Après cinquante ans de mariage, j’ai pris une décision que je n’aurais jamais pu imaginer auparavant.
J’ai demandé le divorce .
J’avais soixante-quinze ans. Nos enfants étaient adultes depuis longtemps, avec leurs propres familles et leurs propres vies. Pendant des années, je me suis dit qu’à ce stade, rien ne devait changer. Qu’après tant de décennies passées ensemble, nous devions simplement accepter les choses telles qu’elles étaient.
Cependant, j’avais de plus en plus l’impression de disparaître dans mon propre mariage .
Charles n’était pas un homme cruel. Il ne m’a jamais levé la main dessus ni cherché à me faire du mal délibérément. Cependant, il avait la fâcheuse habitude de prendre des décisions pour nous deux.
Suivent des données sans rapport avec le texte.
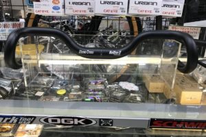 まず見たことない形状のドロップバー。フラット部分を上方に6cmくらい上げてあまり前傾しない楽な姿勢でロードに乗るためのバー。アメリカでは流行ってるらしいです。 ドロップのアール部分にSTIレバーもしっかりつけられます。こ …
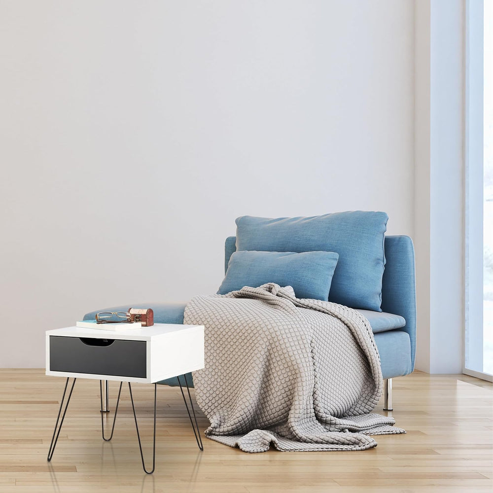 Relaxdays Nachttisch mit Schublade, modernes Design, eckiges Nachtschränkchen, HxBxT: 44 x 40 x 40 Z

Il choisissait où nous irions, avec qui nous passerions les fêtes, ce que nous achèterions pour la maison et quand mettre fin à la conversation. Même lorsqu’il me demandait mon avis, il agissait souvent comme s’il connaissait déjà la réponse.
Pendant des années, j’ai considéré cela comme faisant partie de sa personnalité. Plus tard, j’ai commencé à appeler ça de la bienveillance. Finalement, j’ai réalisé que, peu importe comment on l’appelait, je ne me sentais pas écoutée.
Je voulais commencer à vivre pour moi-même
Notre séparation ne s’est pas faite du jour au lendemain. Il n’y a pas eu de conflit majeur ni de trahison qui ait soudainement tout fait basculer.
Nous nous parlions de moins en moins chaque année. Charles parlait, et j’acquiesçais. Quand j’essayais d’exprimer mes besoins, il me disait que j’exagérais ou que tout allait bien.
J’ai commencé à me demander combien d’années il me restait et si je voulais vraiment les passer de la même manière.
Je ne cherchais ni un nouveau partenaire ni une aventure palpitante. Je voulais le silence, la liberté de décider et le sentiment que mon opinion comptait.
Quand j’ai annoncé le divorce à Charles, il avait l’air de ne pas comprendre ce que je disais.
« Après cinquante ans ? » demanda-t-il. « Pourquoi maintenant ? »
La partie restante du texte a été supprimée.